(AVAILABLE DATA)
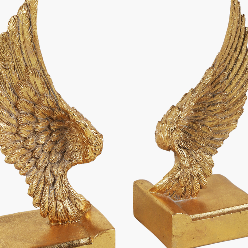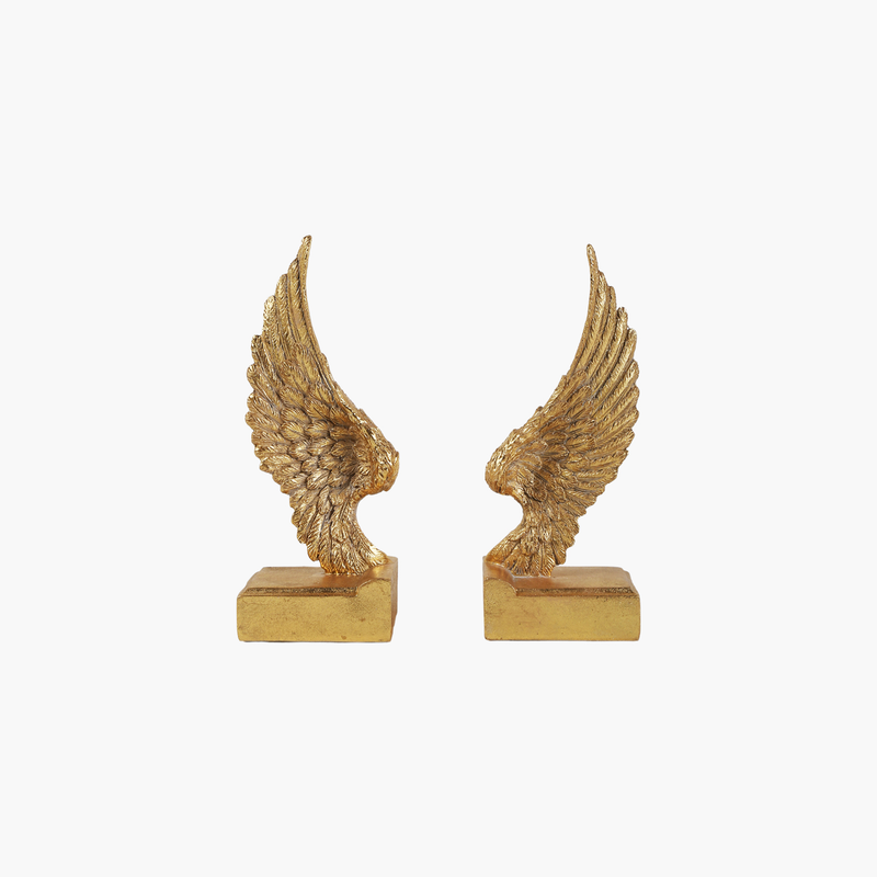 Ürün Metni: Şık ve zarif tasarımıyla bu 2'li kanat kitap tutucu, kitaplarınızı düzenlerken aynı zamanda dekorasyonunuza şıklık katacak. Altın rengindeki detayları ve zarif kanat figürleriyle bu obje, kitaplıklarınıza veya çalışma masanıza modern bir dokunuş getirir. Hem fonksiyonel hem de estetik olan bu kitap tutucular, geleneksel ve modern tarzları bir arada sunuyor.
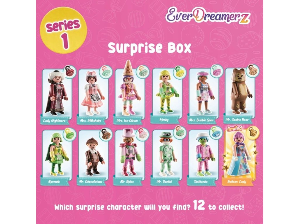 - 12 dalších figurek ke sběru, včetně figurky Balloon Lady z limitované edice a zlatého přívěsku s muffinem
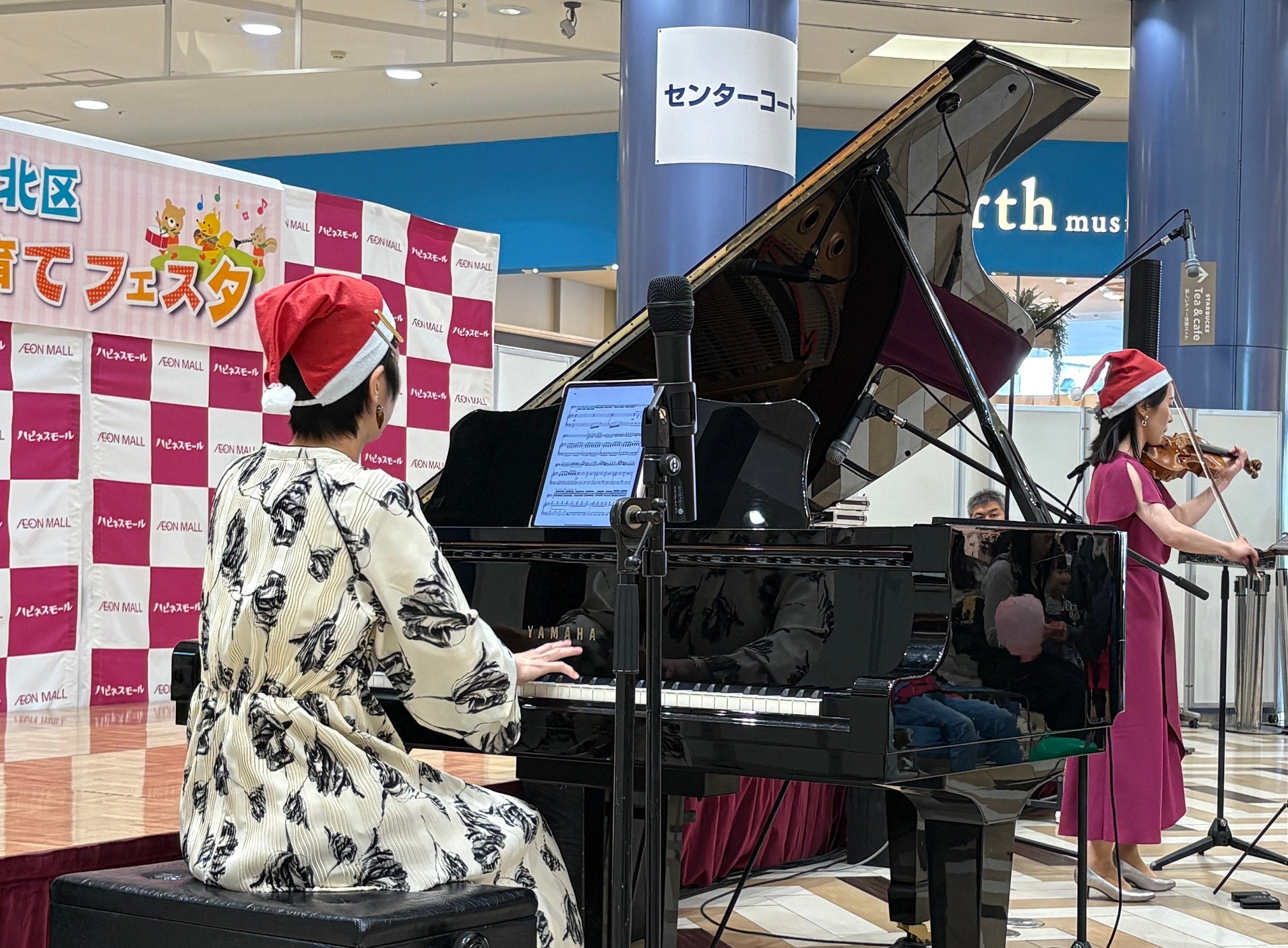 写真左から、山之内 里衣さん(ピアノ)、まごころパンダくん、望月 茉莉奈さん(ヴァイオリン)
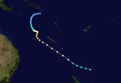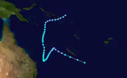 Developed in the Coral Sea far offshore from Queensland. The cyclone intensified to a Category 3 severe tropical cyclone before crossing out of Australian region on 1 March where it passed to the southwest of New Caledonia.[3]
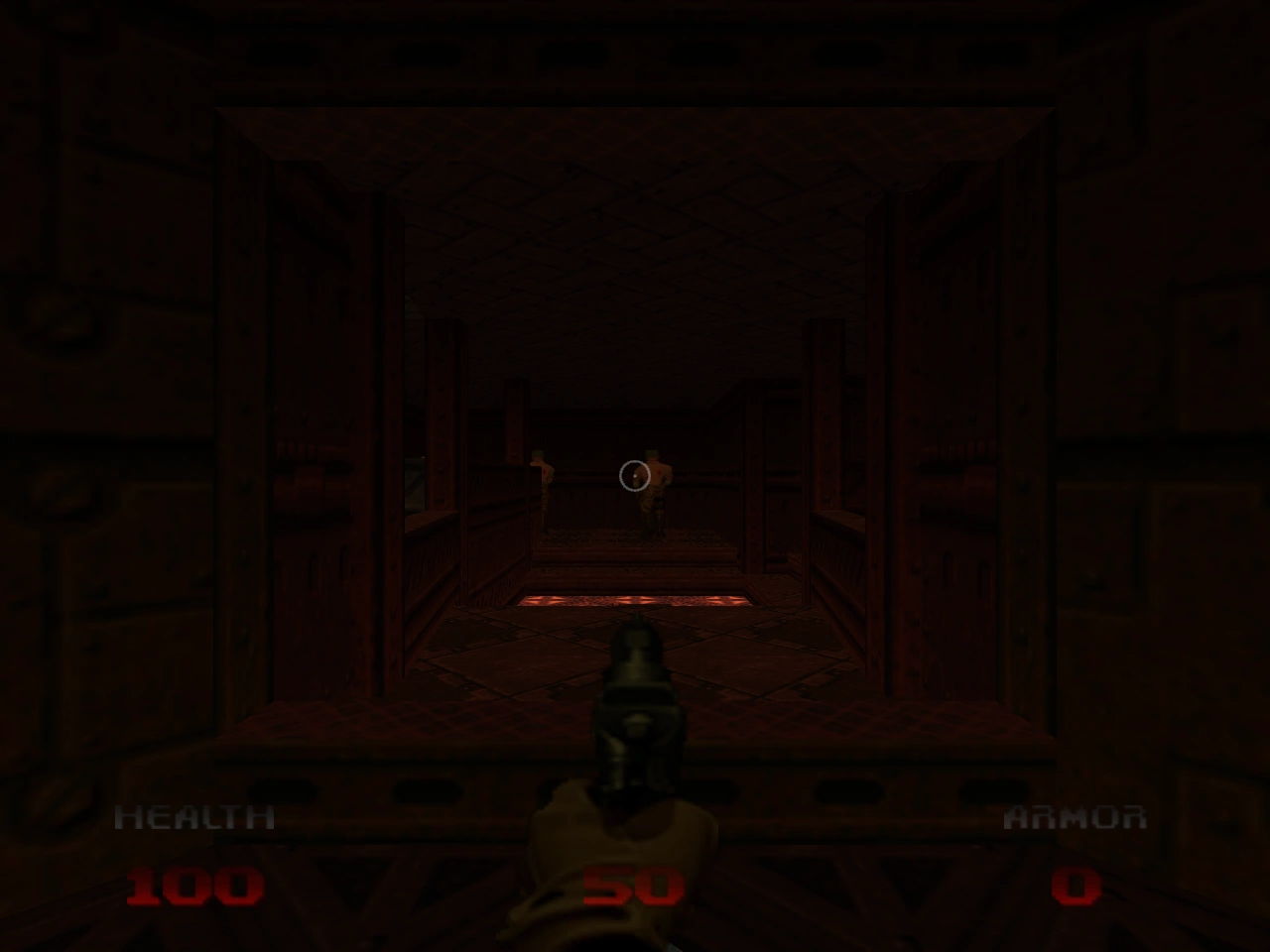 After cleaning the starting area, enter a smaller door in the right niche. The following room is pitch black, with the exception of red symbols on the floor. Interpreting the triangles as arrow heads and diamonds as junctions, they lead your way into the darkness. The way to the right is locked. Careful to the left: A lift takes you down to a cell block where several demons get released after you passed the hallway. But there are several boxes of bullets for a chaingun and medikits.
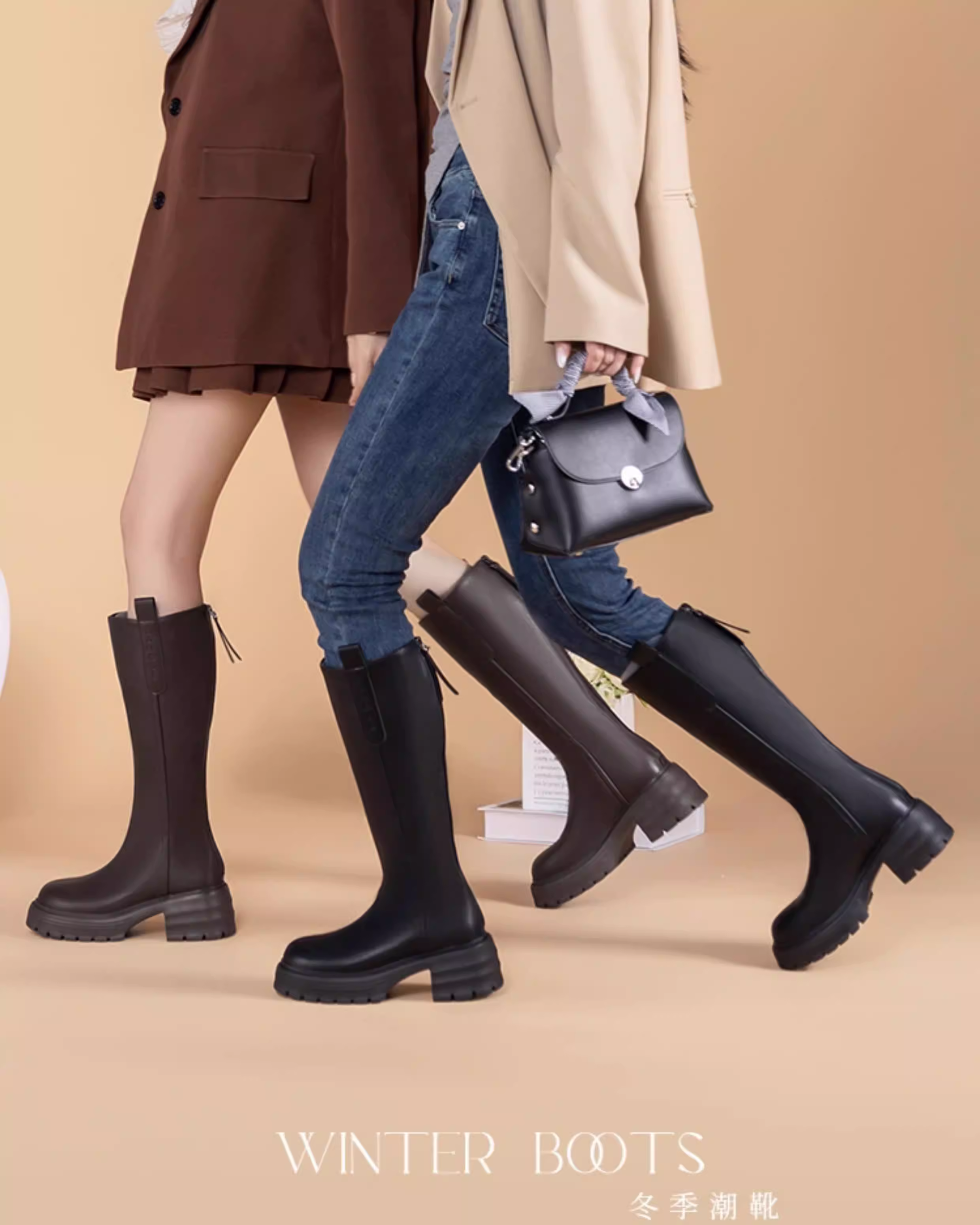 - Giày bốt đế dày Dadong dành cho nữ 2025, mẫu mới thu đông, bốt cao dành cho nữ cỡ lớn, bốt ống rộng, bốt dài dành cho nữ nhỏ nhắn.
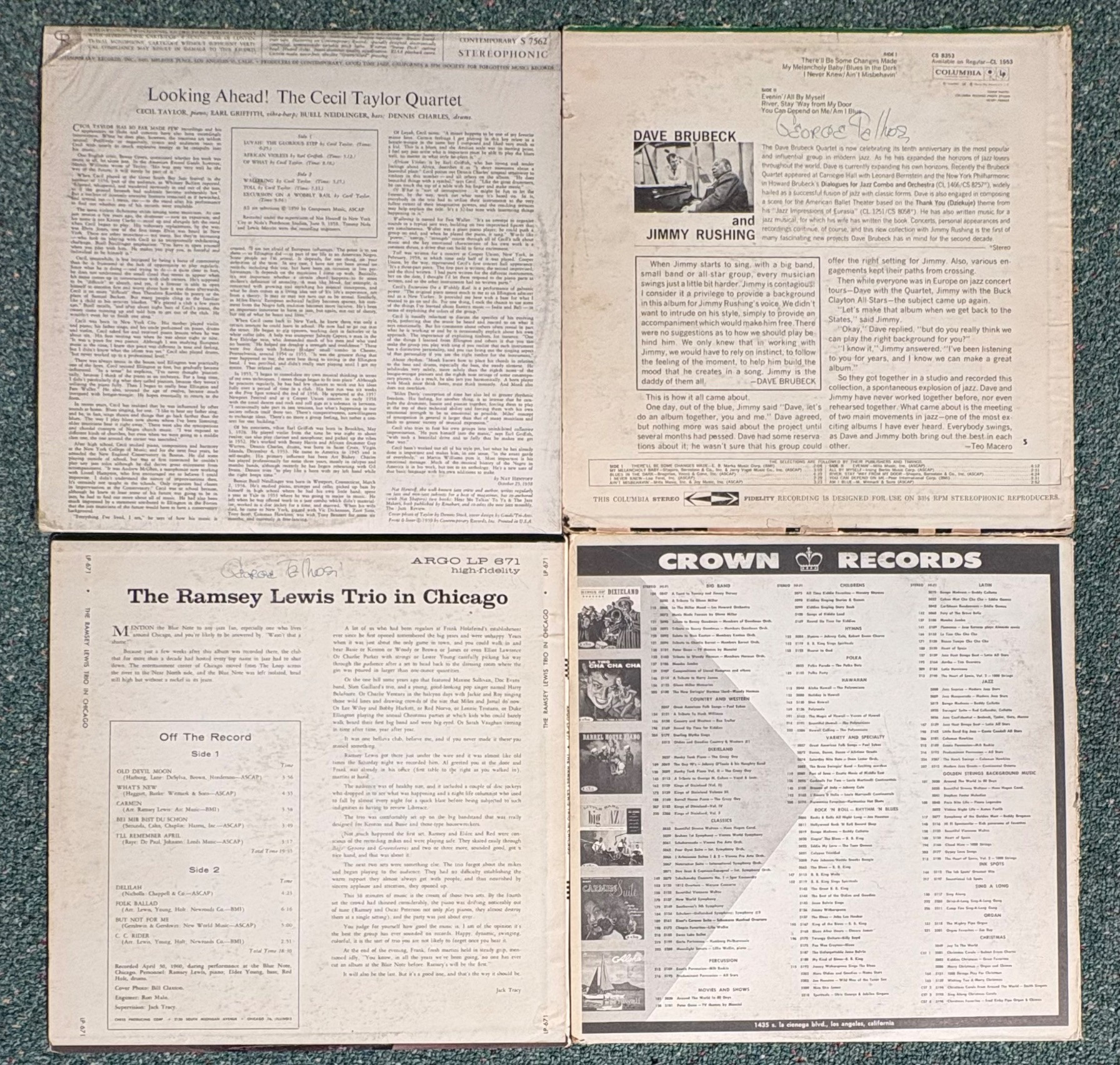 Note: Ramsey Lewis Trio, Dave Brubeck albums, Cecil Taylor Quartet, Howard Roberts Quartet, an Oscar Peterson Trio with Milt Jackson missing inner sleeves
(End AVAILABLE DATA)
• [WORK REQUIRED]: Emit the lines of the data above from the one containing "写真左から、山之内 里衣さん(ピアノ)、まごころパンダくん、望月 茉莉奈さん(ヴァイオリン)" through its final line, both endpoints included. Pictures do not belong in the output.

• [YOUR SOLUTION]:
 写真左から、山之内 里衣さん(ピアノ)、まごころパンダくん、望月 茉莉奈さん(ヴァイオリン)
 Developed in the Coral Sea far offshore from Queensland. The cyclone intensified to a Category 3 severe tropical cyclone before crossing out of Australian region on 1 March where it passed to the southwest of New Caledonia.[3]
 After cleaning the starting area, enter a smaller door in the right niche. The following room is pitch black, with the exception of red symbols on the floor. Interpreting the triangles as arrow heads and diamonds as junctions, they lead your way into the darkness. The way to the right is locked. Careful to the left: A lift takes you down to a cell block where several demons get released after you passed the hallway. But there are several boxes of bullets for a chaingun and medikits.
 - Giày bốt đế dày Dadong dành cho nữ 2025, mẫu mới thu đông, bốt cao dành cho nữ cỡ lớn, bốt ống rộng, bốt dài dành cho nữ nhỏ nhắn.
 Note: Ramsey Lewis Trio, Dave Brubeck albums, Cecil Taylor Quartet, Howard Roberts Quartet, an Oscar Peterson Trio with Milt Jackson missing inner sleeves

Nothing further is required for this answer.